Such work elaborates new relationships to discourses of truth that are crucial to the stakes involved in DA, according to Foucault:

Criticism is no longer going to be practiced in the search for formal structures with universal value, but rather as a historical investigation into the events that have led us to constitute ourselves and to recognize ourselves as subjects of what we are doing, thinking, saying. . . . And this critique will be genealogical in the sense that it will . . . separate out, from the contingency that has made us what we are, the possibility of no longer being, doing, or thinking what we are, do, or think.89

Just like the novel. The ethos of genealogy corresponds to the function of literature in social discourse according to Angenot, and to the [End Page 280] completion of the aesthetic form in Bakhtin. However Foucault cannot, in a theoretically consistent manner, claim truth for his writings, for this would enfold his work into the play of domination generated by the will to knowledge.
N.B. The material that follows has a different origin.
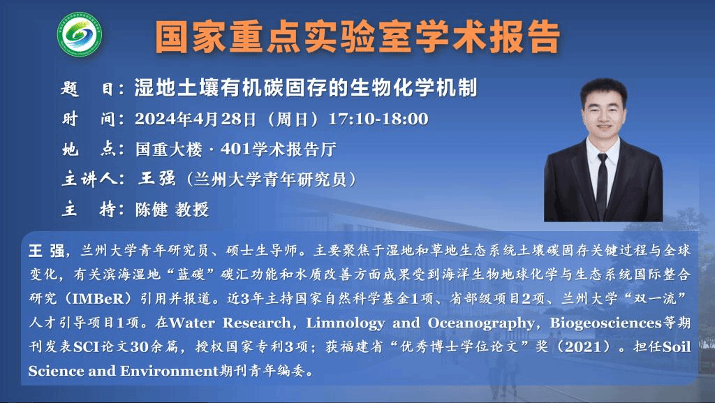 讲座预告:湿地土壤有机碳固存的生物化学机制

Genealogy is forcefully "anti-scientific" and against globalizing theories;90 it focuses on discursive events, and produces historical fictions that work to transform those who engage with them—as in dialogical relations. Although historically verifiable, Foucault's texts do not satisfy the disciplinary standards of history because of their formal experiments: omissions, exaggerations, rhetorical flourishes, large segments of polemical exchange in direct discourse, the enfolding of other texts into one's own, all of these devices tend to offend professional historians who question the status of the data. But Foucault is not targeting subjects or objects of connaissance. His engagement with the present, his ethical imperative to think otherwise and thereby to produce subjects of knowledge (savoir) engaged in their self-elaboration, necessitate such choices.91 He describes his books as experiences that can change their participants and thereby alter the future: "My hope is that my books will attain their truth once written, and not before. . . . I hope that the truth of my books is in the future."92

Thus the thread of novelization returns. First encountered in Angenot's study of social discourse in 1889, it appeared as a general gnoseology, able to circulate ideologemes about the fin-de-siècle in language that purported to simply transmit reality as it was. The analyst could explain the phenomenon through historical critique, and remain largely unaffected by this new object of knowledge. Then it emerged with Bakhtin's comprehension of modernity's encounter with the present, and the other. The novel's dialogical form provided the possibility of aesthetic completion for the writer and reader, a momentary, transformational fiction bound to resurface in other guises, with other readers, in other events of reality. For Foucault, this process is not reserved for the aesthetic; the philosopher's work is involved, for it also functions as an intersubjective, dialogical event enacted in the present. Genealogy, however, recognizes the play of power relations in the midst of knowledge production; it works to counter their mechanisms of subjugation by developing practices of freedom; it elaborates new forms of writing that alter the subject's relation to the discourses of truth, and allow for the concern for the self. Local discursive practices, analyzed by the method of archaeology, are put into play, in the present, through the tactics of genealogy.93

But to know how to analyze the fine meshes of discourses, in all of their materiality, in their production and dissemination, one must turn to Angenot's work for appropriate analytical tools; to grasp processes of transformation and engagement with the other, one must read over Bakhtin, and his apprehension of the event; and to know discursive [End Page 281] events as conditions for the emergence of the self, one must turn to Foucault's historical fictions. Cultural studies thus fashioned could devise effective tools for resistance and alteration.

Marie-Christine Leps

Marie-Christine Leps is Associate Professor at York University in Toronto. She is the author of Apprehending the Criminal: The Production of Deviance in Nineteenth-Century Discourse, as well as articles on discourse analysis, issues of race and gender in the Information Age, and, with Lesley Higgins, forms of governmentality in contemporary fiction.

Notes

1. Borrowed from Virginia Woolf’s beginning of A Room of One’s Own (1929; London: Triad Grafton, 1975), 5: "But, you may say we asked you to speak about women and fiction—what has that got to do with a room of one’s own?"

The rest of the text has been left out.